I consider this one of the conceptually cleanest alignment problems, and I expect similar dynamics to play a role in realistic alignment failures even if those failures aren’t this simple. ARC’s current work is focused on decisive solutions to this problem, though it looks like the same approach may also apply directly to identifying treacherous turns more generally.

Are distinct mechanisms enough?

ARC has been looking for training strategies that avoid this problem by leveraging only the fact that sensor tampering is “weird,” i.e. conceptually distinct from the normal mechanism giving rise to predictions of good-looking outcomes on the training distribution.

More specifically, at training time our model predicts coherent sensor readings because it predicts that sensors reflect coherent structure in the world. But if someone tampers with sensors to show a convincing fiction, then the predicted observations are coherent because the fiction was designed to look coherent. This suggests that different mechanisms are responsible for (actions that lead to good-looking outcomes for the normal reasons) and (actions that lead to good-looking outcomes via sensor tampering). If we are able to detect that difference by looking at the internal behavior of a predictor, then we may be able to use that to avoid sensor tampering.

It’s unclear if “distinct mechanisms” is a strong enough assumption to avoid sensor tampering. We hope that it is, and so we are trying to define formally what we mean by “distinct mechanisms” and show that it is possible to distinguish different mechanisms and that sensor tampering is always a distinct mechanism.

If that fails, we will need to solve sensor tampering by identify additional structure in the problem, beyond the fact that it involves distinct mechanisms.

Roadmap

In this post I want to explore this situation in a bit more detail. In particular, I will:

1. Describe what it might look like to have a pair of qualitatively distinct mechanisms that are intractable to distinguish.
2. Discuss the plausibility of that situation and some reasons to think it’s possible in theory.
3. Emphasize how problematic that situation would be for many existing approaches to alignment.
4. Discuss four candidates for ways to solve the sensor tampering problem even if we can’t distinguish different mechanisms in general.

Note that the existence of a pathological example of distinct-but–indistinguishable mechanisms may not be interesting to anyone other than theorists.

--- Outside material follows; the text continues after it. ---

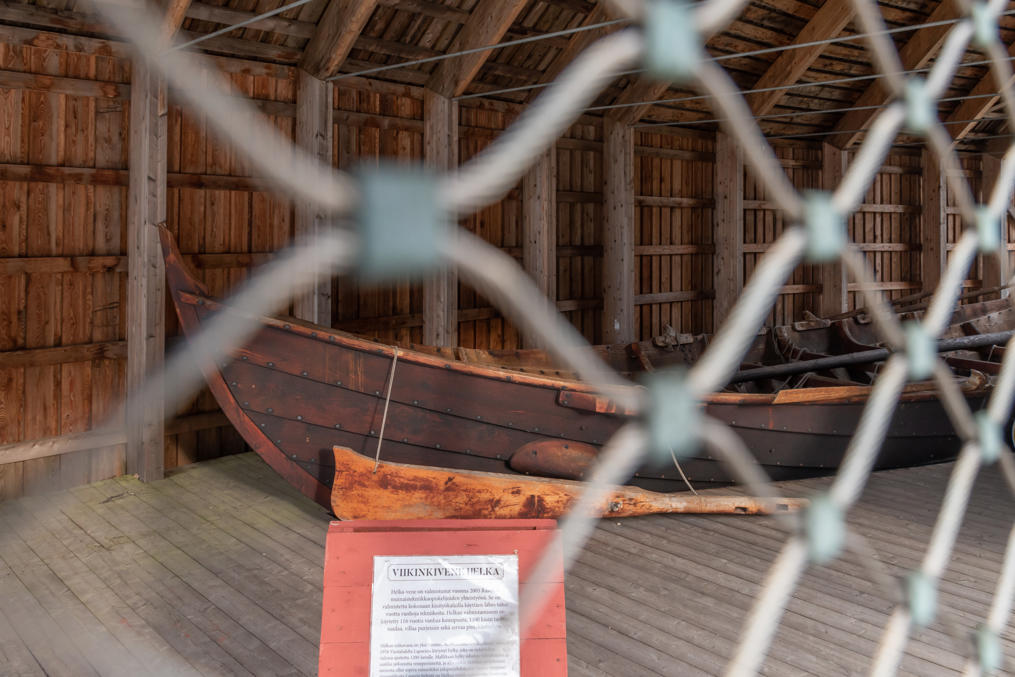9. Летом на луг на берегу у усадьбы привозят овечек, а еще тут под навесом стоит построенная в 2005 копия викингской лодки 13 века, найденной в другом конце страны, под Виролахти. На таких лодках могли и под конец существования Ванхалинны подниматься по Аурайоки, обнося пороги.

And even for the theorists, it would still leave open many important questions of measuring and characterizing possible failures, designing algorithms that degrade gracefully even if they sometimes fail, and so on. But this is particularly important to ARC because our research is looking for worst-case solutions, and even exotic counterexamples are extremely valuable for that search.

1. What might indistinguishable mechanisms look like?

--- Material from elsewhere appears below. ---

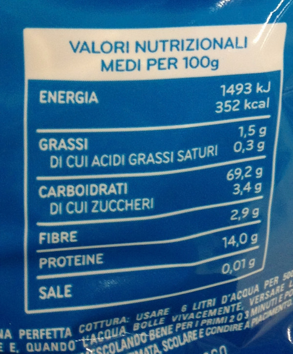 Barcode EAN:   8001250120915 Energy kcal/100g:   352 Satured Fat (per 100g)g:   0.3 Sugar into Carbohydrates (per 100g)g:   3.4 Proteines (per 100g)g:   14 Calcium CA/ mg (per 100g)g:   Gluten:   Made in:   Italy Bought here:   Last update:   2017-03-19 16:45:13 | Brand:   Fat (per 100g)g:   1.5 Carbohydrates (per 100g)g:   69.2 Fiber (per 100g)g:   2.9 Salt - Sodium (per 100g)g:   0.01 Ingredients (Indicative):   Production type:   Price €:   Cooking time - min.:   11 |

Probabilistic primality tests

The best example I currently have of a “hard case” for distinguishing mechanisms comes from probabilistic primality tests. In this section I’ll explore that example to help build intuition for what it would look like to be unable to recognize sensor tampering.

The Fermat primality test is designed to recognize whether an integer n is prime. It works as follows:

• Pick a random integer a < n.
• Compute a^n mod n. This can be done in time polylog(n) via iterated squaring.
• Output “pass” if a^n = a (mod n). A prime number always passes.

In almost all cases where this test passes, n is prime. And you can eliminate most false positives by just trying a second random value of a. But there are a few cases (“Carmichael numbers”) for which this test passes for most (and in fact all) values of a.

Primes and Carmichael numbers both pass the Fermat test. This turns out to be equivalent to saying that “For all primes p dividing n, (p-1) divides (n-1).” For primes this happens because n is a prime and so there is only one prime divisor p and p-1 = n-1. For Carmichael numbers it instead happens because (p-1) and (n-1) are both highly divisible and a bunch of favorable coincidences occur. We can think of this as building a test that’s supposed to detect factors of n, and then there happens to be a ton of cancellation so that we don’t see anything.

Suppose that we observed the Fermat testing passing in a bunch of random cases and formed the abstraction of “prime” to explain that phenomenon. Then we try to use AI to find a large prime that satisfies some additional property P. If we do this by using the Fermat test as our definition of primality, we may end up getting a Carmichael number, if the property P is rare amongst primes but common amongst composites.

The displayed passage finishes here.